記事ページの構成、WordPressへの入稿、表示確認、内部リンク、画像配置、修正対応など、日々の運営で使っている作業は、サイト制作にも接続できます。既存の手順や判断基準を共通部品として使えるため、新ラインを追加しても、すべてを新規設計する必要はありません。
また、AIへ任せやすい部分と、人が確認すべき部分を分ける考え方も共通しています。構成案や文章案、修正候補の整理はAIが支援し、表示、導線、内容の正確性、公開判断は人が確認する。この境界を明確にしておけば、ブログ制作で得た運用設計をサイト制作へ移植できます。

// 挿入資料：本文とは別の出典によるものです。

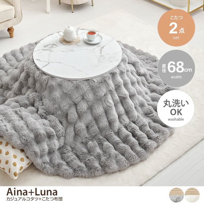 【送料無料】【円形:天板 68cm】Aina+Luna カジュアルコタツ+こたつ布団

ただし、WordPress制作ラインはまだ立ち上げ段階です。受注数、制作件数、作業時間、収益はいずれも未計測であり、成果が出た段階ではありません。今後は、実際の工程を記録しながら、既存資産をどこまで再利用できるかを検証します。
まとめ:効率化の成果は「余白の再投資」で測る
今回の設計は、タスク管理を安定させ、制作工程を分担し、確認と手直しを含む後工程を見直し、そこで生まれる余白をWordPress制作へ配分する流れです。
AI導入の評価を、生成速度や時短だけで終わらせると、空いた時間が別の細かな作業に吸収される可能性があります。何のために余白をつくり、その余白をどの生産ラインへ移すのかまで決めて、初めてリソース設計になります。
現段階で定量成果は未計測です。次に見るべき数字は、AIが生成した回数ではなく、確認と修正を含む総作業時間、各ラインで完了した制作件数、そして新しく立ち上げたWordPress制作ラインの実績です。効率化で生まれた余白を再投資し、その結果を測るところまでを一つの運用として検証していきます。